Physical proximity is considered as a risk factor of nosocomial transmission of infectious diseases. Patients in close vicinity of a patient with a specific infectious disease are likely to contract the pathogen through contact transmission (e.g. direct physical contact with the infectious patient, contaminated environmental surfaces, and contaminated hands and gowns of staff members) and airborne transmission (e.g. contaminated air). This is often what happens during nosocomial outbreaks that occur in spatial clusters. However, the relative importance of physical proximity had not been rigorously examined before this study due to small sample sizes and the lack of patient’s location data.
Clostridium difficile-associated diarrhea (CDAD) is a common nosocomial infection. Clostridium difficile is a bacterium causing diarrhea (watery bowel movement) and life-threatening symptoms commonly affecting older patients in hospitals and long term care settings usually after the use of antibiotics which kill competing bacteria. Antibiotic-associated diarrhea (AAD) is a type of diarrhea in response to the use of antibiotics.

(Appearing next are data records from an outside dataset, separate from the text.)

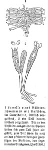 Lamelle eines Blätterschwammes mit Basidien .
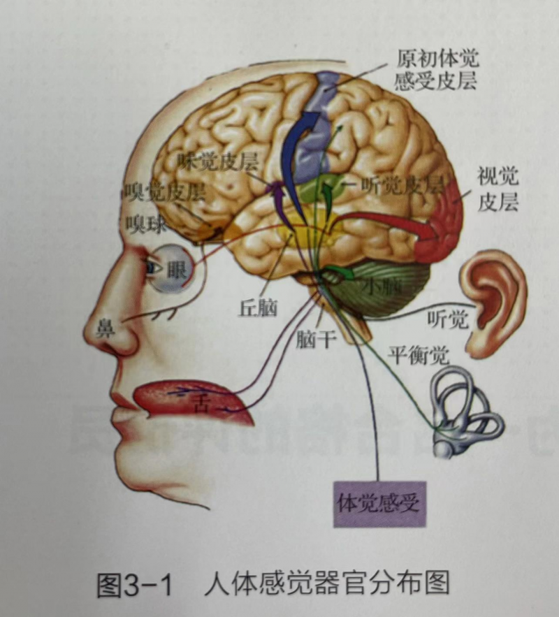 感官評價,簡單地講,就是運用感官進行評價。正常的感官(鼻、眼、口、舌、耳)以及對應(yīng)的嗅覺、視覺、味覺、口腔觸覺、聽覺等感覺功能健全是感官評價員最基本的生理條件(圖3-1),也是評價員初篩和選拔過程中關(guān)鍵的考察指標(biāo)。
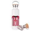 Ολυμπιακός εμφάνιση, Μεταλλικό παγούρι θερμός (Stainless steel) Λευκό με ξύλινο καπάκι (bamboo), διπλού τοιχώματος, 750ml
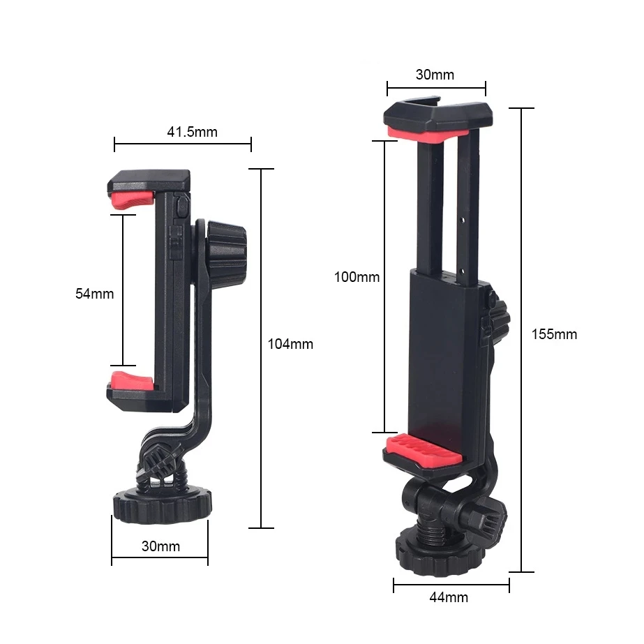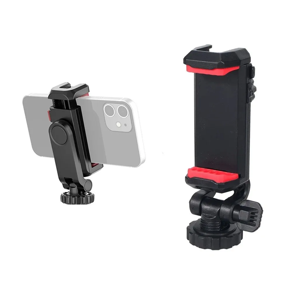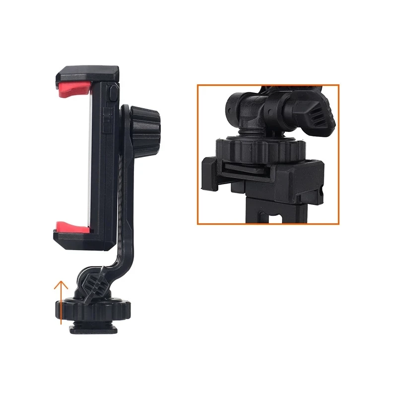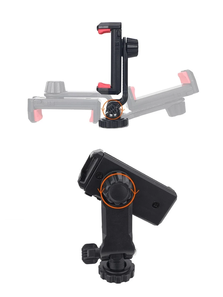 La abrazadera de teléfono giratoria de 360 grados para disparos horizontales y verticales, ajuste de inclinación hacia adelante y hacia atrás también está disponible.
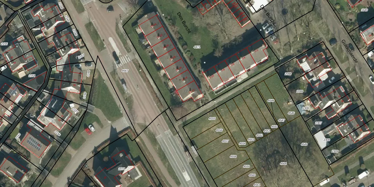Het perceel waarop Den Burcht 12 staat heeft een oppervlakte van 3500 m². Dit is een zeer groot perceel. De perceeloppervlakte wordt geregistreerd door het Kadaster. Gedetailleerde informatie over de maten van dit perceel kunt u vinden in het rapport Kadastrale kaart met maatvoering van Den Burcht 12.
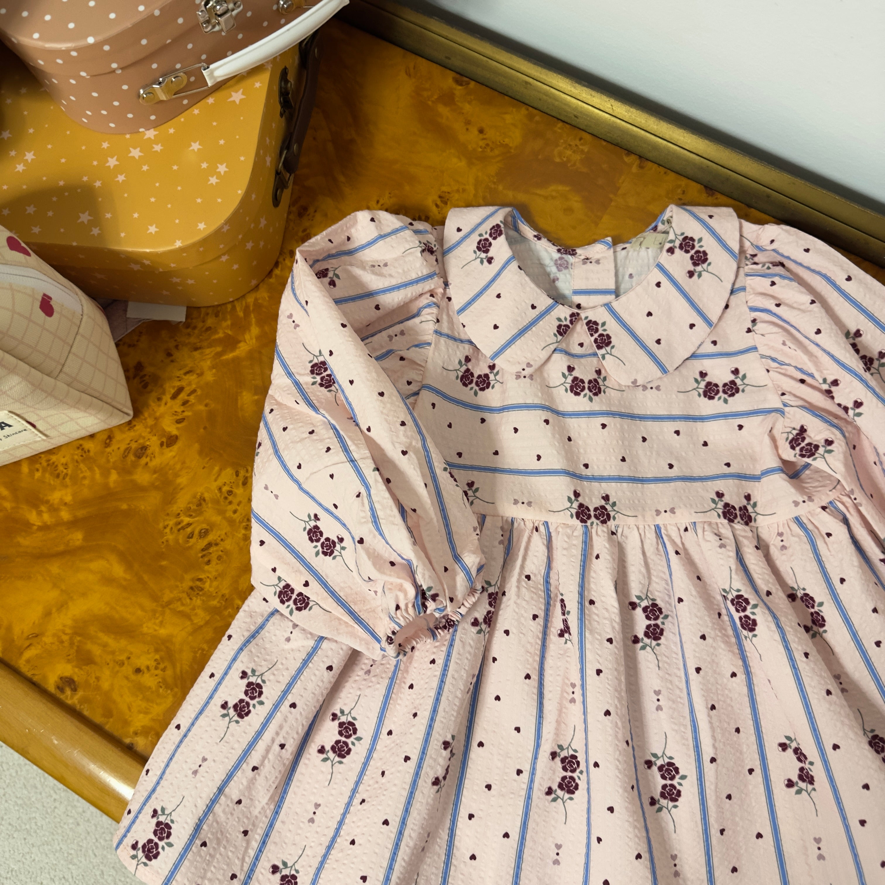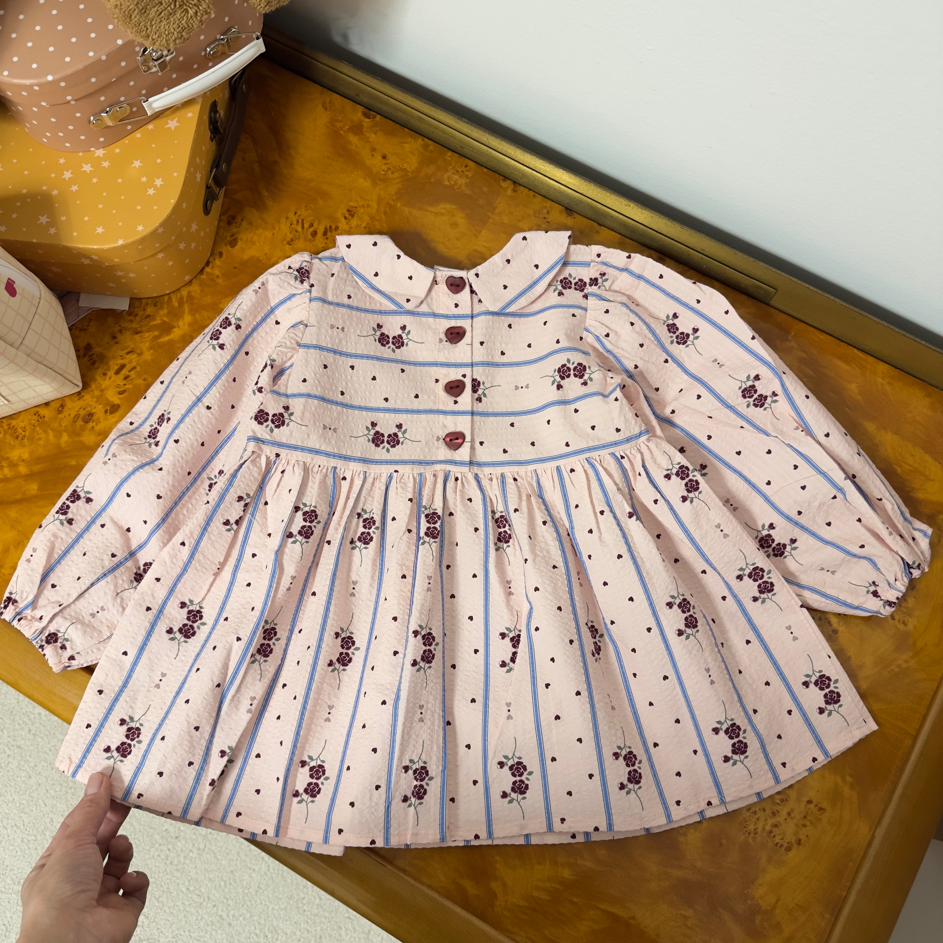 Fliink - Colombe Tunic – Blusa in Seersucker con Cuoricini, Roselline e Bottoni a Cuore

The study focused on the effects of physical proximity on the likelihood of nosocomial infections including CDAD and AAD.
In this retrospective observational study at a 305-bed community hospital in Maryland, analyses were conducted on selected data from medical records of all patients who stayed > 2 days in the study period (six months of 1987). Potential risk factors of CDAD and AAD including age, length of stay, antibiotic exposure, intensive care, OR use, and physical proximity to patients with CDAD or to patients with AAD nosocomial diarrhea were extracted from the medical records and entered into multivariate logistic regression analyses. Physical proximity was defined by mapping patient rooms and examining whether or not a patient was roommate or neighbor of another patient with diarrhea (i.e. neighbor exposure), or stayed in the room where the patient with diarrhea previously stayed (i.e. sequential exposure).
Among the 2859 patients in the study sample, 68 patients were diagnosed with CDAD, 54 with AAD, and 8 with other nosocomial diarrhea. Physical proximity was a significant independent risk factor for acquisition of nosocomial CDAD and AAD when controlling for other risk factors. Staying in the same room with infected patients or staying in the adjacent rooms significantly increased the chance of developing CDAD and AAD. Other significant risk factors included antibiotic exposure, age, and length of stay.
There were several limitations of this study:
- Physical proximity may be more relevant to certain subtypes of CDAD. However this retrospective study was limited in the availability of examining the detailed relationships between physical proximity and CDAD subtypes due to the lack of relevant data (e.g. isolates of C. difficile).
- Individual contribution of the multiple risk factors may be not linear as assumed by the regression analysis model. This might have obscured the effects of physical proximity.
- There might be biases in identifying and reporting cases of CDAD and AAD. The data depended on medical and nursing staff’s decisions in submitting stool samples. Mild cases of diarrhea that occurred after discharge might never have been reported and captured by the medical records. In addition, there were still controversial around the diagnosis and definition of CDAD and ADD.
- Based on the study, it was not clear how the pathogens were transmitted to patients in physical vicinity of infected patients. The roles of transmissions through inanimate surfaces, hand-to-hand transmission by staff, and air transmission needed further research.